## Problem description
Among the entries, which lines carry the string "สำหร"? Copy each of them.

## Records provided
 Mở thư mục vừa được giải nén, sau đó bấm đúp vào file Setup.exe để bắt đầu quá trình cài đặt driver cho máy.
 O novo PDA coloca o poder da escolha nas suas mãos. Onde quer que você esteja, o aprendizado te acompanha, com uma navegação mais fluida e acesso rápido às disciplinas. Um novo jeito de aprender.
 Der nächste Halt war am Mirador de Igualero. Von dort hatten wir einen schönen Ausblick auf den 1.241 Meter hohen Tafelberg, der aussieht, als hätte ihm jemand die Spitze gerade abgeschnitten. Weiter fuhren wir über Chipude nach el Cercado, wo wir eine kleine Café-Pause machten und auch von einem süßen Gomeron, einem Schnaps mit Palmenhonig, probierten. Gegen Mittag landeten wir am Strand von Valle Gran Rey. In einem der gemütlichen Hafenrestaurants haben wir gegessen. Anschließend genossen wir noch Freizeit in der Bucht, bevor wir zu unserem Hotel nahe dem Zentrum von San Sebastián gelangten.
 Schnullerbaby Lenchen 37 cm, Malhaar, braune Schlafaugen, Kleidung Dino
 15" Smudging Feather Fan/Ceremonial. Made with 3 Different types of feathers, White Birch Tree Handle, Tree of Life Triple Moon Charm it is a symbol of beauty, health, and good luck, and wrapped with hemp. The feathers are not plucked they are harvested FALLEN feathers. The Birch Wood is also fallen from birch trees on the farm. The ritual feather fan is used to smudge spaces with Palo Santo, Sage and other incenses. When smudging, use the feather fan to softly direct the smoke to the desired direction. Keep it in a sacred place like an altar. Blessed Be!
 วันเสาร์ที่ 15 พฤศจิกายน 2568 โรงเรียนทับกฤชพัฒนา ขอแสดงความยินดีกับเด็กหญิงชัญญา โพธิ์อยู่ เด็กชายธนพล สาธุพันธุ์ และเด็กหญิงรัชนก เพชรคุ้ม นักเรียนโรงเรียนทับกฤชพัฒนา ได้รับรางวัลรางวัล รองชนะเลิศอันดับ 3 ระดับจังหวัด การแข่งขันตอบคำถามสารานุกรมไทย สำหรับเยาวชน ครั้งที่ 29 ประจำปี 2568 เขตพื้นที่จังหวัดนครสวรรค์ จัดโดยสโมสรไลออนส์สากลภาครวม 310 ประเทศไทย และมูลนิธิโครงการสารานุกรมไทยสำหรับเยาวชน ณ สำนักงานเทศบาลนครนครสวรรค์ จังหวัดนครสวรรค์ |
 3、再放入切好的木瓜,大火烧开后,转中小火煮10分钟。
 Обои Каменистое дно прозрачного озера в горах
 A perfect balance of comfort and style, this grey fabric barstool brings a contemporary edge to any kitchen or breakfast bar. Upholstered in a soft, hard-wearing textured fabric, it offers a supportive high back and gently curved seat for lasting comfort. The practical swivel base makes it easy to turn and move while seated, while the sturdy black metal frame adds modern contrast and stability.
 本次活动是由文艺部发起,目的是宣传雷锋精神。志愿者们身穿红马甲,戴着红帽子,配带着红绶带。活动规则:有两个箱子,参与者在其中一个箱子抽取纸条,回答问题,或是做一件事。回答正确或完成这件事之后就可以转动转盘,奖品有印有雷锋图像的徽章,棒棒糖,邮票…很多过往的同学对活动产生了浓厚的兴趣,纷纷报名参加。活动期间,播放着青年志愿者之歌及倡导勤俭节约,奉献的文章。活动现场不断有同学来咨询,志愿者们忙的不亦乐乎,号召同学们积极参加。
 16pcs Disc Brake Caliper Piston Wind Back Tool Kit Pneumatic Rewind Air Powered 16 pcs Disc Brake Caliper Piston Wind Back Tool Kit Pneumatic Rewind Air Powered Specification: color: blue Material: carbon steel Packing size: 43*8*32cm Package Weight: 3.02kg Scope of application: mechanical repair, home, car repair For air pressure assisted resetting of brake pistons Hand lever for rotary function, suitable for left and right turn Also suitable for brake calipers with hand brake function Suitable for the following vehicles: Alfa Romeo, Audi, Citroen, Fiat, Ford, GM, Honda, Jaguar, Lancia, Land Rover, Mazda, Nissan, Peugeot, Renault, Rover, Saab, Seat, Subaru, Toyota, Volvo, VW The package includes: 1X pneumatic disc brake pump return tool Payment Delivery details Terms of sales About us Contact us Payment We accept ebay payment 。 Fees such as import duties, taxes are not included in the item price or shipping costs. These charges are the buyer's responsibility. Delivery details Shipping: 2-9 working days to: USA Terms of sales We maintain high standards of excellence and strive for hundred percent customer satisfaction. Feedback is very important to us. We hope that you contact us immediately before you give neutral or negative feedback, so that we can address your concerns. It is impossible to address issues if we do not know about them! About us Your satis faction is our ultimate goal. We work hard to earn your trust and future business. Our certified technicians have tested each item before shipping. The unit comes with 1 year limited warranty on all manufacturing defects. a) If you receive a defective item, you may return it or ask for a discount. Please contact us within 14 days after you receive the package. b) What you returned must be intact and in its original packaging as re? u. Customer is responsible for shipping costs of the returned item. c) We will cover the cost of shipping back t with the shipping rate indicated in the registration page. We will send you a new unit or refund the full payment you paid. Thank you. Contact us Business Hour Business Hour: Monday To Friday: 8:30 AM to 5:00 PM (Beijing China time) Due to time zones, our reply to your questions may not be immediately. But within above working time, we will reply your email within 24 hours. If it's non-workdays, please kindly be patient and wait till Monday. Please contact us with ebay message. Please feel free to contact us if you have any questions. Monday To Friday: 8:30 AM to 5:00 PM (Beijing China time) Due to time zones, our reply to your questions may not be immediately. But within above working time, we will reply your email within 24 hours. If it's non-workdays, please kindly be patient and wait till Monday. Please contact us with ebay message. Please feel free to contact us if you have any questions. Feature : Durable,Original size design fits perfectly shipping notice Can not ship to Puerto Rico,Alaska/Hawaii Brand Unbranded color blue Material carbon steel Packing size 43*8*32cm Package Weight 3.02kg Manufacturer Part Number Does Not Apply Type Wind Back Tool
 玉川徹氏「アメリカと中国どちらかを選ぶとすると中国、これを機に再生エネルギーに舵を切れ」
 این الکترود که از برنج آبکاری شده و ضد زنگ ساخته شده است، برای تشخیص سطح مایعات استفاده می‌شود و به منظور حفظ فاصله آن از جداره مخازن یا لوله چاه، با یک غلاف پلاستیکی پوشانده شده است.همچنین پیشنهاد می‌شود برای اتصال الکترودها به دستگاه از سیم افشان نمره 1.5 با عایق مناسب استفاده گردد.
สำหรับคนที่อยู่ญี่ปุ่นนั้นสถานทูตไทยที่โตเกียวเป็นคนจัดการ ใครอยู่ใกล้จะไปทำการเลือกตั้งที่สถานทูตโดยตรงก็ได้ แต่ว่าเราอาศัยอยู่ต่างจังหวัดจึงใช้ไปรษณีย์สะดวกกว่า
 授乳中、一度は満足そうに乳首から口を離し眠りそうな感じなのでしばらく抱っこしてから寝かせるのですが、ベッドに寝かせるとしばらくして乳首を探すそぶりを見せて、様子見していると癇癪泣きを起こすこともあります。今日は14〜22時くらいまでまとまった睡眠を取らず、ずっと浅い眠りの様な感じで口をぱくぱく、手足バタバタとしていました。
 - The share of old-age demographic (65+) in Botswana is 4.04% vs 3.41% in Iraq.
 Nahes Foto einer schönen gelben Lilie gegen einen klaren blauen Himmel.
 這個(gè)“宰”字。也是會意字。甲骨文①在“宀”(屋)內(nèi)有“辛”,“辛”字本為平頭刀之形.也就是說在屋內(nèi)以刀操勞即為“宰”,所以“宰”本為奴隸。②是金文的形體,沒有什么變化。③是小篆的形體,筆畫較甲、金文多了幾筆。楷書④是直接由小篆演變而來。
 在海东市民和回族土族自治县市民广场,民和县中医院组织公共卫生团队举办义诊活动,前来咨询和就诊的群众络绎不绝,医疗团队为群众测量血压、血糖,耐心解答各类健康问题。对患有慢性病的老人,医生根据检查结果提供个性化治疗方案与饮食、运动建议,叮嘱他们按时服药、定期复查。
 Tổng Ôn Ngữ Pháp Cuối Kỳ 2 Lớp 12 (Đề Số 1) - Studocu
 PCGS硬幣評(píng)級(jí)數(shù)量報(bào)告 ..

## Task output
 วันเสาร์ที่ 15 พฤศจิกายน 2568 โรงเรียนทับกฤชพัฒนา ขอแสดงความยินดีกับเด็กหญิงชัญญา โพธิ์อยู่ เด็กชายธนพล สาธุพันธุ์ และเด็กหญิงรัชนก เพชรคุ้ม นักเรียนโรงเรียนทับกฤชพัฒนา ได้รับรางวัลรางวัล รองชนะเลิศอันดับ 3 ระดับจังหวัด การแข่งขันตอบคำถามสารานุกรมไทย สำหรับเยาวชน ครั้งที่ 29 ประจำปี 2568 เขตพื้นที่จังหวัดนครสวรรค์ จัดโดยสโมสรไลออนส์สากลภาครวม 310 ประเทศไทย และมูลนิธิโครงการสารานุกรมไทยสำหรับเยาวชน ณ สำนักงานเทศบาลนครนครสวรรค์ จังหวัดนครสวรรค์ |
สำหรับคนที่อยู่ญี่ปุ่นนั้นสถานทูตไทยที่โตเกียวเป็นคนจัดการ ใครอยู่ใกล้จะไปทำการเลือกตั้งที่สถานทูตโดยตรงก็ได้ แต่ว่าเราอาศัยอยู่ต่างจังหวัดจึงใช้ไปรษณีย์สะดวกกว่า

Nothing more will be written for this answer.